Das Haus unter den Zypressen Roman by Katja Maybach

Das Haus unter den Zypressen  Roman by Katja Maybach

Autor:Katja Maybach [Maybach, Katja]
Die sprache: deu
Format: epub
ISBN: 9783426416945
Herausgeber: Knaur e-books
veröffentlicht: 2014-11-23T16:00:00+00:00


18

Giuliana radelte im Stehen auf der geraden Straße nach Florenz. Ihr einziger Gedanke war, so schnell wie möglich wieder in der Casa Sophia zu sein. Dazu kam, dass sie sich krank fühlte. Zudem war sie mit dem Gefühl einer unbestimmten Angst losgefahren. Maria war nicht gekommen. Arbeitete sie noch an der Torte? So konnte niemand Claus warnen, wenn Gefahr drohte.

Giuliana fühlte sich müde und zerschlagen. Und so schnell sie auch radelte, sie hatte das Gefühl, die Straße nehme kein Ende. Ihr rann der Schweiß über den Rücken, und sie spürte, dass das Fieber stieg. Oder waren es nur ihre Nerven, die allmählich versagten?

Die Straße lag einsam vor ihr, ein endloses Band, gesäumt von Pappeln und Zypressen. Giuliana verlangsamte keuchend ihre Fahrt.
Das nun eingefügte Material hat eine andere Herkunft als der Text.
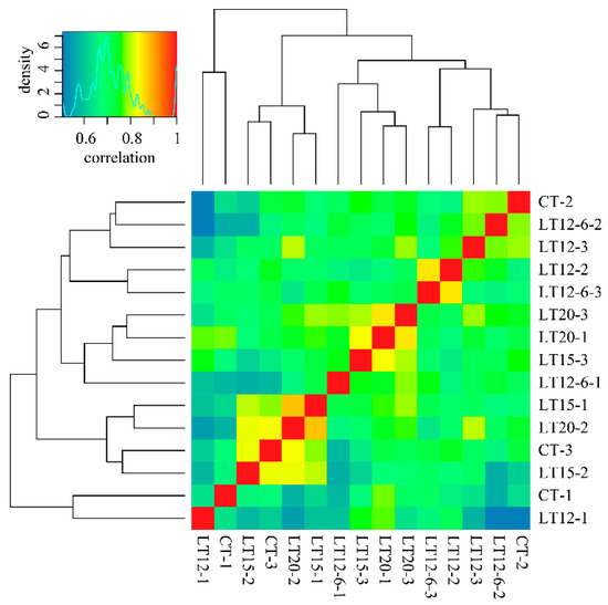 The expression matrix data of all transcripts in samples were standardized by FPKM and used for correlation analysis and differential expression analysis. The correlation coefficients of three repeated experiments in each group mainly ranged from 0.6 to 0.9 (Figure 2). A total of 105.65 Gbps clean reads (Q30 > 92.49%) were obtained after filtering the 106.33 Gbps ambiguous raw reads. As illustrated in Table 2, its GC contents ranged from 48.87% to 50.06%, and the error rate per sample was below 0.05%. Among the 15 samples, the base number of clean reads ranged from 21,798,947 to 27,220,097, of which a range between 75.75~79.59% reads was successfully mapped to the full-length transcripts obtained using SMRT-Seq. Of these mapped reads, the multiple mapping rate ranged from approximately 64.21~68.48%. The number of differentially expressed transcripts in each sample was 8405~8647.

Suchend sah sie sich um, bis sie eine tiefe Böschung neben der Straße entdeckte. Sie bremste scharf, sprang vom Rad, lehnte es an einen Baum und nahm den braunen Kartoffelsack von ihrem hinteren Gepäckträger, der die Sachen von Claus enthielt. Hier unten, neben der Straße, weit von der Casa Sophia entfernt, würde sie ihn verstecken. Sie kletterte den kleinen Abhang hinunter und schaufelte mit ihren Händen hastig eine Mulde unter einem Strauch. Wenn sie den Sack hineinlegte und mit Erde und Laub bedeckte, würde ihn niemand finden. Vorher überprüfte sie rasch die Uniform und die anderen Sachen noch einmal, ob wirklich nichts daran auf Claus von Welsers Identität hinwies. Seine Identifikationsmarke hatte sie unter ihrer Matratze im Schlafzimmer versteckt, sie konnte sich einfach nicht von ihr trennen. Rasch tastete sie auch die Uniformjacke ab, den Blick immer auf die Straße gerichtet. Als sie die Jacke gerade in den Sack zurückstopfen wollte, spürte sie durch den Stoff hindurch einen harten kleinen Gegenstand in der Innentasche. Neugierig griff sie hinein und zog ein Medaillon heraus. Auf Druck schnappte es sofort auf. Es enthielt das Foto einer jungen, hübschen Frau. Langsam ließ Giuliana die Hand sinken. Mechanisch schob sie die Jacke in den Sack zurück, zog das Band zu und versteckte ihn unter dem flachen Gestrüpp, den welken Blättern und der aufgeworfenen Erde. Dann kletterte sie hastig die Böschung wieder hoch, erleichtert, dass niemand sie entdeckt hatte. Einsam dehnte sich die Straße vor ihr aus. Ihre Hand umklammerte fest das goldene Medaillon.

Giuliana setzte sich erschöpft neben ihrem Fahrrad auf den Boden. Zuerst empfand sie gar nichts, erst nach und nach ließ sie die Gefühle zu und spürte dann eine tiefe Enttäuschung, ein bitteres Erwachen.

Ti amo, hatte er gesagt, und sie hatte ihm geglaubt. Ti amo …

Als er mit ihr zusammen war, als sie seine Geliebte wurde, als sie alles für ihn riskierte, hatte er da verdrängt, dass in Deutschland eine Frau auf ihn wartete? Mit zitternden Händen ließ sie das Medaillon noch einmal aufschnappen. Auf dem kleinen Foto konnte man helles Haar und ein offenes Lächeln erkennen.

War sie zu naiv gewesen? Wie konnte sie annehmen, dass ein Mann wie Claus von Welser keine Frau oder Verlobte besaß? Er hatte gelebt, bevor er eingezogen wurde, er hatte studiert, eine Frau geliebt, mit der er vielleicht sogar verheiratet war.